A review by nclcaitlin
Strange Sally Diamond by Liz Nugent

3.0

Reclusive Sally Diamond is thrust into the media spotlight when she tries to incinerate her dead father, causing widespread outrage. 
Now she's the center of attention from curious reporters and investigating police detectives. Also, playing into the thriller aspect, disturbing information from her past that she can’t remember but is being brought to the light. 

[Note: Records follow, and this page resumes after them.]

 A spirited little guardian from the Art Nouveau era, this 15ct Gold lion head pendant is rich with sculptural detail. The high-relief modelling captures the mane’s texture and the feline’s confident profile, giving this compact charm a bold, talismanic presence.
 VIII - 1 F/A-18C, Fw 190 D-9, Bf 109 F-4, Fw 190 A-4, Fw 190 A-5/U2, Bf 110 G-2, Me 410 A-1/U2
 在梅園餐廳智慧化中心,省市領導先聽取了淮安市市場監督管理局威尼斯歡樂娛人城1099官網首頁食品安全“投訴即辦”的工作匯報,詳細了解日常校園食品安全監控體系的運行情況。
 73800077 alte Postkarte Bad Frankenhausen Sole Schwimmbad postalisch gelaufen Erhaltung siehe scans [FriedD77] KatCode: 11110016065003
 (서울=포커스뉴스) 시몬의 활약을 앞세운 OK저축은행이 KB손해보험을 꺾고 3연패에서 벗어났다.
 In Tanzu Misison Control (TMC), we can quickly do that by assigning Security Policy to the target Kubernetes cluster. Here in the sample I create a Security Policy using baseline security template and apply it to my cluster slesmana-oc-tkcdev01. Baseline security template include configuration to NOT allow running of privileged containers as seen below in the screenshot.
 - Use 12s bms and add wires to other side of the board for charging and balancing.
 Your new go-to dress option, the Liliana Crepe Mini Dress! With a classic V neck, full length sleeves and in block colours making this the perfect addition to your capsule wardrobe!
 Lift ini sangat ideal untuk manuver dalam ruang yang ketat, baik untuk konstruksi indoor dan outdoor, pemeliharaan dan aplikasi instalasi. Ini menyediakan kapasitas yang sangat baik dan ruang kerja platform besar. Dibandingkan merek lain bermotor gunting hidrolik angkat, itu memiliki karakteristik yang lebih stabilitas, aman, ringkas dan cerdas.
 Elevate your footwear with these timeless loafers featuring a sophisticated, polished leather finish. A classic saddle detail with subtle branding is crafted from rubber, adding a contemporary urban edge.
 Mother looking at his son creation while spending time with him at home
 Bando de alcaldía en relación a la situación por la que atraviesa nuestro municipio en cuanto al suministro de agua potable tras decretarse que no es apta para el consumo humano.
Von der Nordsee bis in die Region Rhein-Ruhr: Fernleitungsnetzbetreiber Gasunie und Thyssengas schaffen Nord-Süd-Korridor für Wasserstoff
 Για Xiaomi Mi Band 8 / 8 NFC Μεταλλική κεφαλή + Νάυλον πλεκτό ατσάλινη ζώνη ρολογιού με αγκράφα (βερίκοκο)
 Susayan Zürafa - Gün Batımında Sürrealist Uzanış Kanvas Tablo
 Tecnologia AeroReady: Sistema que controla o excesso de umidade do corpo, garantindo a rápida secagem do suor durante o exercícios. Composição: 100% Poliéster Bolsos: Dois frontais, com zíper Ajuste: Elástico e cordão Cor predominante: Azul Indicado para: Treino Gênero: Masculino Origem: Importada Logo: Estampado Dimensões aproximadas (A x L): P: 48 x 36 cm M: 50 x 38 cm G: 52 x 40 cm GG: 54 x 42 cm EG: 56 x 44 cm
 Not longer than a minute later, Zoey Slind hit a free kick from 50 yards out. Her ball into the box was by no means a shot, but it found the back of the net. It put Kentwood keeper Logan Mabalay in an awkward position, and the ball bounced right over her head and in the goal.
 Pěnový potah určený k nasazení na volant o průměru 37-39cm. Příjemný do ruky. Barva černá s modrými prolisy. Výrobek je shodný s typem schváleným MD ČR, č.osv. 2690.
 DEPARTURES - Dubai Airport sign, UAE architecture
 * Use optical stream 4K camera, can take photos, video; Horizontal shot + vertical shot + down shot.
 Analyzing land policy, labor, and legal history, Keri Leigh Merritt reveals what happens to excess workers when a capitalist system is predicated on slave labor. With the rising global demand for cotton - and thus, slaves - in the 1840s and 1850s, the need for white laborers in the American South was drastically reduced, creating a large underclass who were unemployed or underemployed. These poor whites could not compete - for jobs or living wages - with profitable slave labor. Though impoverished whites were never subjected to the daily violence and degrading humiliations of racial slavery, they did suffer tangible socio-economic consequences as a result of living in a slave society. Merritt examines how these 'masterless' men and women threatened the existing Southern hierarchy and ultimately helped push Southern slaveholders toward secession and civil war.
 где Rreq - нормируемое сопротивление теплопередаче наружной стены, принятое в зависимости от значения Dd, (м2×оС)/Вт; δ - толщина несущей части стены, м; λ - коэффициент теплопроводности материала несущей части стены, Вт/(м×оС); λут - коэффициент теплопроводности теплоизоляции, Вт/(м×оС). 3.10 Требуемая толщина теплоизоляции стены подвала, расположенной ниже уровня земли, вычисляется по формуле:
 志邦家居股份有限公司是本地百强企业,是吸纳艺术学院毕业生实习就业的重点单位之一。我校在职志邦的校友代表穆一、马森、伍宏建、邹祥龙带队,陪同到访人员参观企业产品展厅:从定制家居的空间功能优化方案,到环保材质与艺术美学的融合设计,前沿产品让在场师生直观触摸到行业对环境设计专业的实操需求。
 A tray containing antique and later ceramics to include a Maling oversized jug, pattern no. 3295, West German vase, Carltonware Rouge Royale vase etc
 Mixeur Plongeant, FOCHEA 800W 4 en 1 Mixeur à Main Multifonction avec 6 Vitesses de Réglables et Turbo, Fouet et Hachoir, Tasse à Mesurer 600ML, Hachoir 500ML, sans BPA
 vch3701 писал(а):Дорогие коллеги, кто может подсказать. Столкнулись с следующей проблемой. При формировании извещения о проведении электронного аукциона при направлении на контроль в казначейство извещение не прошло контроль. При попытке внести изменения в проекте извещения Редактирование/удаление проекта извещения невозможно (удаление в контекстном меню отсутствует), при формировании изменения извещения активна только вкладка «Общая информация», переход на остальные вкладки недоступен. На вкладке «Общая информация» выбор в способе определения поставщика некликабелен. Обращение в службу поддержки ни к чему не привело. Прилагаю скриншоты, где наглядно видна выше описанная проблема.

I don’t know if I would call this a straight thriller. It takes a while to get to the ‘thriller’ aspect and even then it doesn’t feel like it takes centre stage. 
This is a really hard book to describe without spoiling anything! 

There are two narrators.
Sally is so fun - odd, socially awkward, funny. The other narrator takes us on a totally different journey with a totally dark story and I cannot say anything more without giving things away! 

“Every decade or so, we come up with new labels to categorize people. You could have been diagnosed with anxiety disorder or PTSD. Some might even have said you have autistic spectrum disorder or that you have an attachment disorder. The fact is that you are a bit odd, that’s all. You are you. As unique and different as every other person on the planet. Your oddities are not disabilities (although we call them disabilities to get your welfare allowance), they are mere quirks of your personality.”

I would recommend Eleanor Oliphant is Completely Fine (character-wise) and The Reappearance of Rachel Price (plot-wise) if you enjoyed this!

Minor spoilers:
The ending kind of sucked. 
If you want a healing book, a closed ending, a happy ever after, this book will not deliver. 
The ending made it feel like a lot of the book was pointless. 
And yes, I did have to google ‘ending explained’ because it felt like the book ended extremely prematurely.